В хомутарке… сморщил нос Игорь… густо воняло прелой закисшей кожей, солоноватым конским потом, махрой, хлебной самогонкой и, опять же, солёной рыбой с душком.
«Он что, глухой, пьяный или дурак?!» — осердился гость, достал из внутреннего кармана оранжевой болоньевой куртки блокнот в красных корочках, с кудреватым золотым тиснением, и, держа ручку наизготове, спросил проценты улова.
— Кого тебе, паря, надо, в ум не возьму?! — очнулся Степан, кинул свечу и мелкую наждачку, которой чистил свечной зазор.
Не сдержавшись, журналист досадливо вздохнул и снова да ладом растолмачил.
— Каку холеру про их писать?! — Степан выпучил круглые, с красной окаёминой, рыбьи глаза.
— Да уж там видно будет, Степан Ильич. Поговорим, посмотрим…
Гость с раздражением оглядел хомутарку: чёрные, маслянистоблестящие, прокопченные венцы, тусклое оконце, висящие на деревянных вешалах худые сбруи, хомуты, чиненые-перечиненые, с исшорканными гужами, с торчащим из-под кожи войлоком, — конский век истекал, за упряжью не шибко досматривали, дали ей, дышащей на ладан, гнить и пропадать тихой печальной смертью. Ждали трактора с подвесными ледорубами, хотя и от коней пока не отказались.
— От лихоманка тя побери, а! Кого там глядеть?! Ежлив бы зимой, бляха муха, другой разговор: зимой — рыбалка. Неводим, по две тони успевам… А летом перестали неводить. На Красной горке, под Черемошником сетёхи ставим, да ловим с гулькин нос. Ноне у рыбака голы бока…

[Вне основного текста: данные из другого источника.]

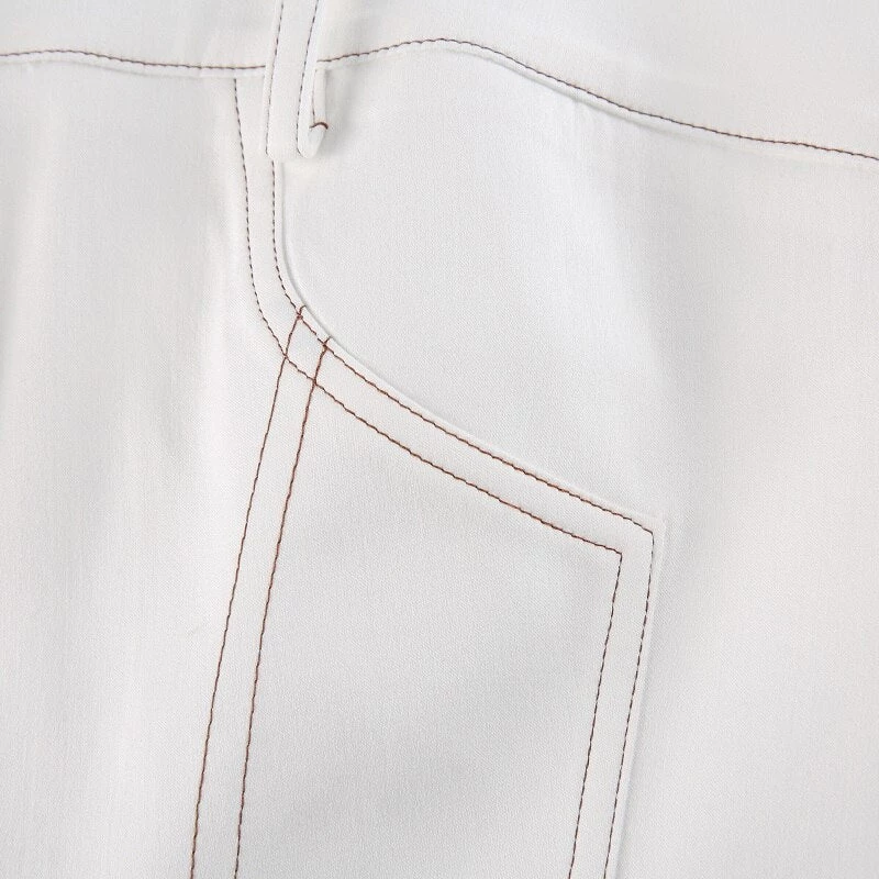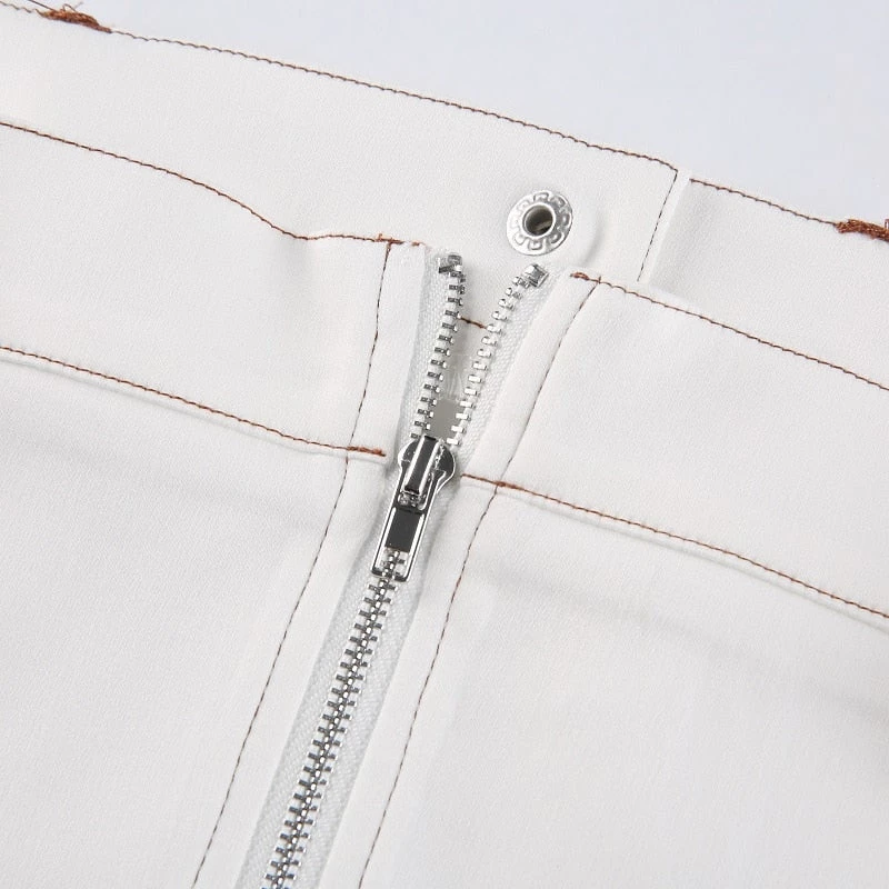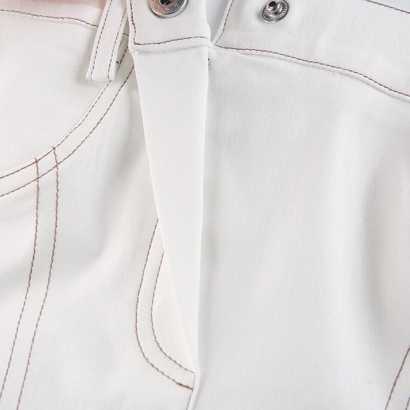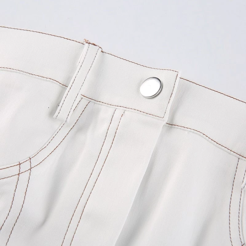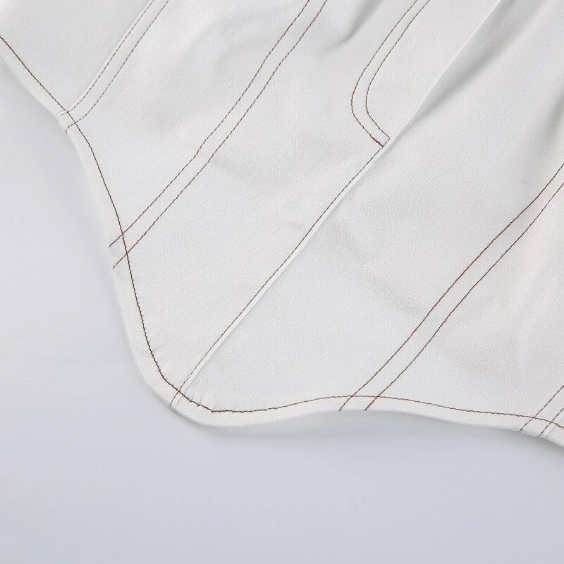 White jean-style bandeau pointed crop top.

Степан сроду не слыл молчуном, каким куражливо выказал себя, но шибко уж хотелось отвязаться от хлопотного гостя, который не глянулся рыбаку еще с городского автовокзала. Вот
Степан и крутил-вертел: де, и пьют мужики, не просыхают, и лодыри, и два слова путно молвить не могут, а матюгаться мастера, могут и в радио матюжку запустить, что им стоит, жеребцам не-легчанным.
— Ну, вы об этом не переживайте, Степан Ильич, лишнее сотрем на студии.
— Короче, паря, ничо доброго в Яравне нету. Некого писать…
Но Игорь, калач тёртый, сиживал в роскошных кабинетах сановников, какие Степану и во сне не снились; сиживал и высиживал беседы, а посему и теперь настырно поджидал.
— Не, паря, подбегай зимой, — будет тебе и рыбалка, и проценты, и пятилетка за год. Зимой корреспонденты к нам на невод гужом прут, особливо из нашей «сплетницы»…
— Из «сплетницы»?
— Газетёнка сельская… Рыбки подбросишь, — так размалюют рыбаков, хоть на божницу сади подле Угодника Николы. Да ты, поди, и сам малевать мастер…
— Дядя Степа, вы что, серьёзно, не помните меня? Гантимуров я… С вашей Леной в одном классе учился. И жили по-соседству. Помните?
Имя дочери смягчило рыбачью душу.
— А чо же не помню-то?! — вдруг, не задумываясь, отозвался Степан. — Я, паря, из памяти ишо не выбился, — рыбак хитровато взблеснул отеплившими глазами. — Ленкин суженец, в зятья целил… В городе, на автовокзале, гляжу: вроде, паря, знакомый на обличку, вроде, на Льва Борисыча смахиват. Борисыч, помню, бухгалтером в рыбзаводе заправлял, а я уже бригадирил… Но тятька-то поздоровте, ты повыше, но пожиже… — Степан по-хозяйски осмотрел гостя с ног до головы. — А гриву-то, паря, отпустил, чисто поп… Едва признал. Кого уж тут признашь, едре-нов корень, ежли в городе девку от парня не отличишь — одна холера. Но я присмотрелся: ежли долгогривый, на девку смахиват, — значит, парень, а ежли стриженный, в штанах, — значит, девка. От такие пироги… Я гляжу…на автовокзале… нос, паря, воротит, а вроде тоже признал — земляк.
Земляк покаялся:
— Простите, Степан Ильич.
— Да ладно. Кто старое помянет, тому глаз на голову натянем… Надолго к нам?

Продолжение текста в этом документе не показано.